Варвара подошла к сараю. Замок висел на ржавой петле — большой, амбарный, но такой старый, что, казалось, рассыплется от одного удара. Она подняла топор, замахнулась — и не смогла ударить.
Рука не поднималась.
«Я — комсомолка, — твердила она. — Я — агроном. Я не воровка».
За спиной кашлянула Манефа.
— У тебя нет выбора, — сказала она тихо. — Либо ты сейчас ударишь, либо мы вернёмся ни с чем, и Ванька умрёт. Ты хочешь, чтобы он умер?
Варвара зажмурилась. Увидела лицо Анисьи. Услышала молчание Ваньки. И ударила.
Замок звякнул, но не поддался. Она ударила ещё раз, ещё — с остервенением, которого сама в себе не подозревала.
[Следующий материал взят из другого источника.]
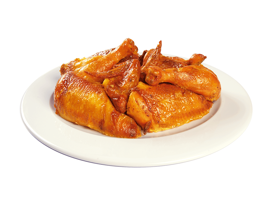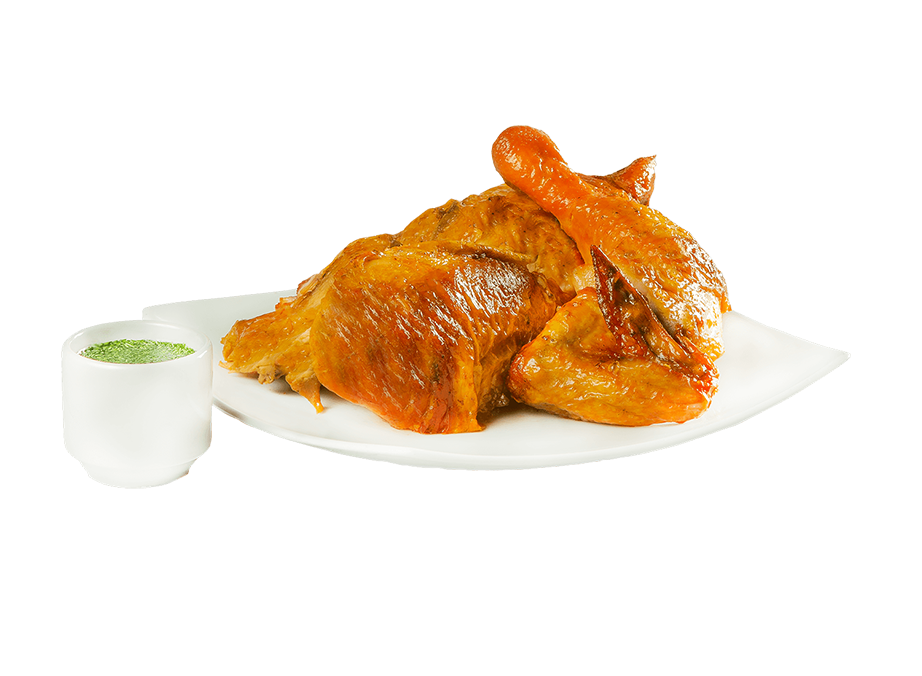 Medio Pollo Asado Bañado en nuestra Salsa BBQ acompañado de 1 porción de Papa Artesanal, 1 copa de Salsa BBQ y una bebida Personal en Botella.
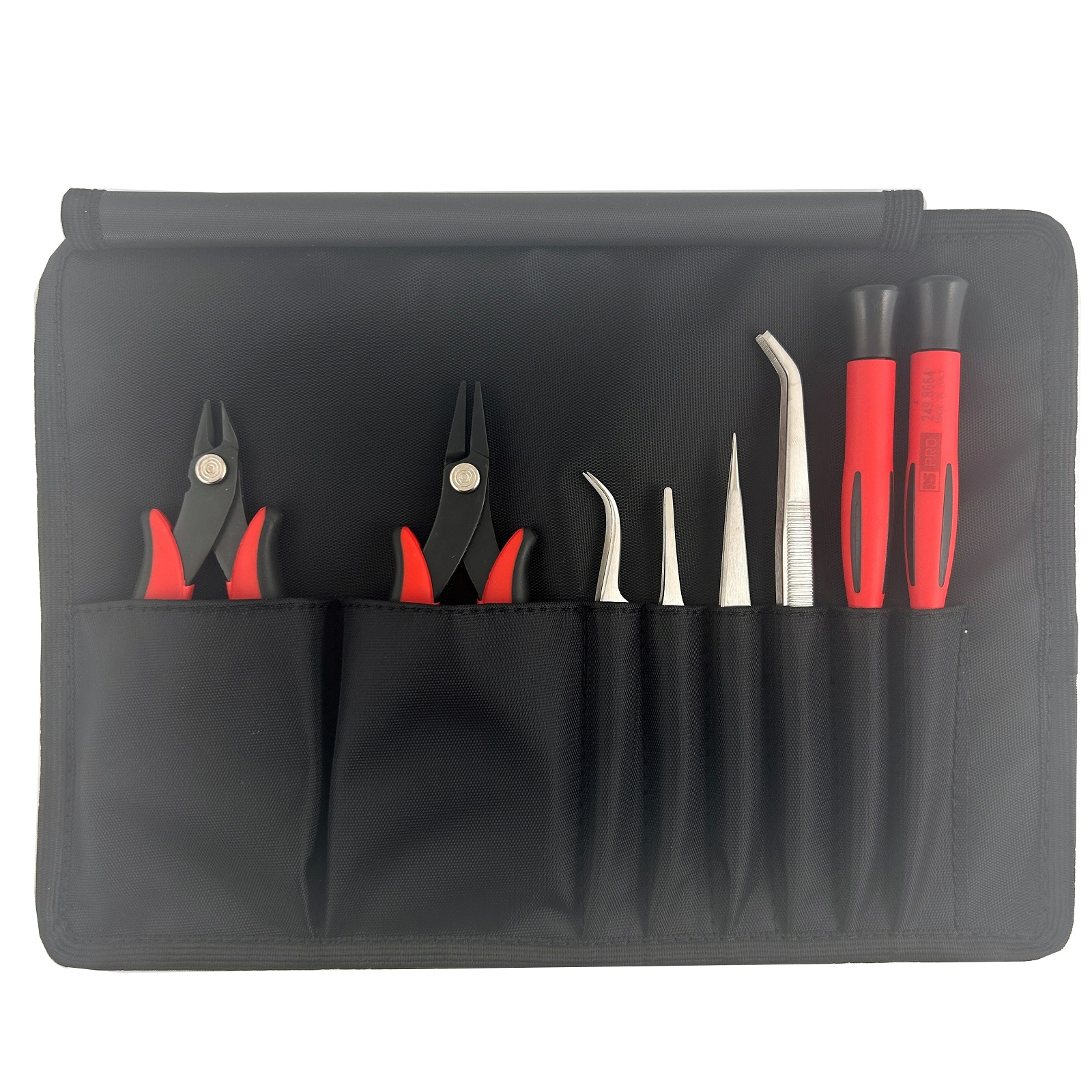 This is 8 Piece Tool Set Tool Kit with Roll manufactured by RS PRO. The manufacturer part number is 429-664. It has a roll type storage . This versatile kit contents include 1 medium pliers, 2 screwdrivers, 1 medium cutter, 4 tweezers components. This is a type of tool, a set with user-desired tools. tool kit is a versatile product designed to provide user-defined applications. The product consists of 8 pieces.

Металл заскрежетал, и на четвёртый удар замок раскололся пополам и упал в снег.
Варвара отбросила топор, рванула дверь и вошла внутрь.
В сарае было темно и пахло мышами, прелой соломой и — самым главным, самым невозможным запахом — зерном. Сухим, тёплым, хлебным запахом, от которого у Варвары закружилась голова и свело желудок спазмом голода.
Она нащупала мешки — они лежали вдоль стены, плотные, шершавые на ощупь. Один, средний, она попыталась поднять — и не смогла. Мешок весил пуд, не меньше.
— Давай вместе, — раздался голос Манефы. Старуха вошла следом, и вдвоём они выкатили мешок к двери, потом волоком — по снегу, к опушке леса.
Собака не лаяла. Она сидела на крыльце и смотрела на них умными жёлтыми глазами. А когда женщины скрылись в лесу, тихо взвыла — то ли прощаясь, то ли благодаря.
Обратная дорога была пыткой.
Мешок тащили по очереди: Варвара — сто шагов, Манефа — сто. В темноте заблудились дважды, наткнулись на волчьи следы и обошли их по дуге. К ночи замерзли так, что не могли развести костёр — пальцы не слушались, спички намокли.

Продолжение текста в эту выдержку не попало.